Estava bem confusa com o que eu via. Era algo bem inusitado. Cães andavam que nem humanos...mas espera...aquilo...aquilo era um humano? Um ser humano estava andando nu, de quatro e com uma coleira como guia. Um homem sendo um animal de estimação?
Alguns cidadãos, que eram cães, começaram a apontar para mim, como se eu fosse uma espécime rara. Eles começaram a falar algo que eu não entendia. Tentei dizer algo, porém eles se assustaram. Acho que eles nunca viram um humano falando. Alguns humanos presos nas coleiras começaram a rosnar pra mim. Acho que agora seria uma boa hora de dar o fora daqui. No momento que olhei pra trás, vi um cão com um pedaço de madeira, ele tentou acertar meu rosto, porém coloquei meu braço na frente. A madeira bateu com força no meu dispositivo de transporte. Olhei com pavor para a pulseira quebrada, agora eu estaria presa nesse mundo. Olhei ao meu redor, eles estavam me cercando, sai correndo. Entrei na floresta e comecei a desviar de diversas árvores e pedras, olhei para trás e havia mulheres e homens nus correndo atrás de mim. Isso estava me deixando apavorada. Corri com mais pressa ainda, e acabei tropeçando em uma raiz de árvore, comecei a rolar pela ladeira cheia de folhas, pedras e raizes. Graças ao macacão que eu usava, não me machuquei tanto, porém, minha cabeça bateu em uma pedra e desmaiei.
Acordei em uma cabana, sentia ao mesmo tempo frio e calor percorrer meu corpo, estava em uma cama bem confortável por sinal, ainda estava meio atordoada, porém senti algo tocando em minha parte íntima. Peraí, parte intima? Levantei minha cabeça e percebi que estava nua, e vi que um homem estava com a cara dele enfiada na minha parte intima, e lambia ela com sua língua bem úmida. Levei um susto e levantei da cama na mesma hora. Dei um grito, e um daqueles cães humanoides veio ao meu encontro. Ele começou a dizer algo, porém eu não entendia uma palavra que seja. Ele percebeu que eu não entendia nada do que ele falava e caminhou até um armário e de lá tirou uma coleira. Ele veio até mim, eu não queria que ele colocasse aquele troço em mim, porém aquele cão era mais forte que eu. Acabou que ele colocou a coleira em mim. O cidadão/cachorro olhou nos meus olhos e disse:
— Oi, consegue me entender agora?
Fiquei espantada. Parece que essa coleira que eu estava usando era um tradutor universal.

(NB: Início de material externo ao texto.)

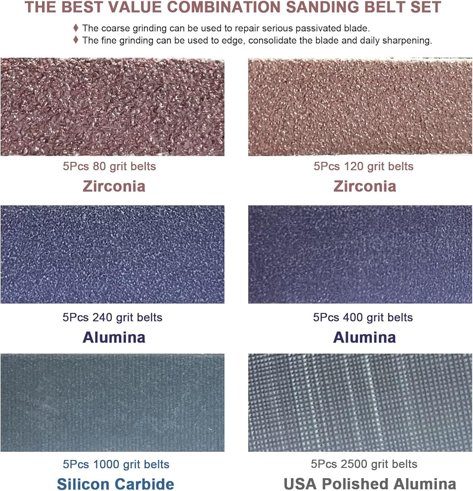 تتضمن العبوة: 30 عبوة أحزمة سنفرة لمبراة السكاكين 1/2 بوصة × 12 بوصة: 5 قطع أحزمة زركونيا 80 حبيبة، 5 قطع أحزمة زركونيا 120 حبيبة، 5 قطع أحزمة ألومينا 240 حبيبة، 5 قطع أحزمة ألومينا 400 حبيبة، 5 قطع أحزمة كربيد السيليكون 1000 حبيبة، 5 2500 قطعة من أحزمة الألومينا الأمريكية

— Oi... — disse, um pouco receosa.
— Ah, que bom. Te salvei de ser morta pelos humanos. O pessoal achava que você estava sendo possuida por algum demônio, pois quem ja viu um humano andando somente com duas pernas e falando uma lingua estranha? — disse ele, rindo.
— E você não teve medo de mim?
— Claro que não. Não sou supersticioso. Bem, meu nome é Rodolpho. E qual é o seu? — disse ele.
— Meu nome é Bianca.
— Prazer.
Olhei ao meu redor e vi que aquele homem nu, o animal de estimação de Rodolpho, estava com a parte intima dele dura, e não tirava os olhos de mim..
Rodolpho percebeu que eu olhava para o humano de estimação dele, e que eu estava meio inquieta.
— Ah, sinto muito. É que ele está com vontade de cruzar, dai o negócio dele fica desse jeito — disse Rodolpho.
— Entendi. Você poderia me dar minha roupa? — perguntei, sem tirar meu olhar do membro daquele humano.
— Sinto muito. Não posso.
— Por que não?
— Sem roupa, você consegue se misturar com a gente. Se você vestir alguma peça de roupa que seja, o pessoal daqui achará estranho. Como você percebeu, humanos não usam vestimentas por aqui.
— Percebi... faz sentido.
— Você não é daqui, né?
— Não. Eu venho de outro mundo — disse.
— Você é tipo uma extraterrestre?
— Tipo isso.
— Entendo. Bem, deixarei você descansar mais um pouco. Logo a comida estará pronta. Vou tirar o Mauz desse quarto para ele não fazer nenhuma gracinha.
— Ele se chama Mauz? — perguntei.
— Sim, isso mesmo. Mauz, venha.
Mauz e Rodolpho saíram do quarto e Rodolpho fechou a porta. Coloquei minha cabeça sob o travesseiro e rezei para que aquilo fosse um pesadelo.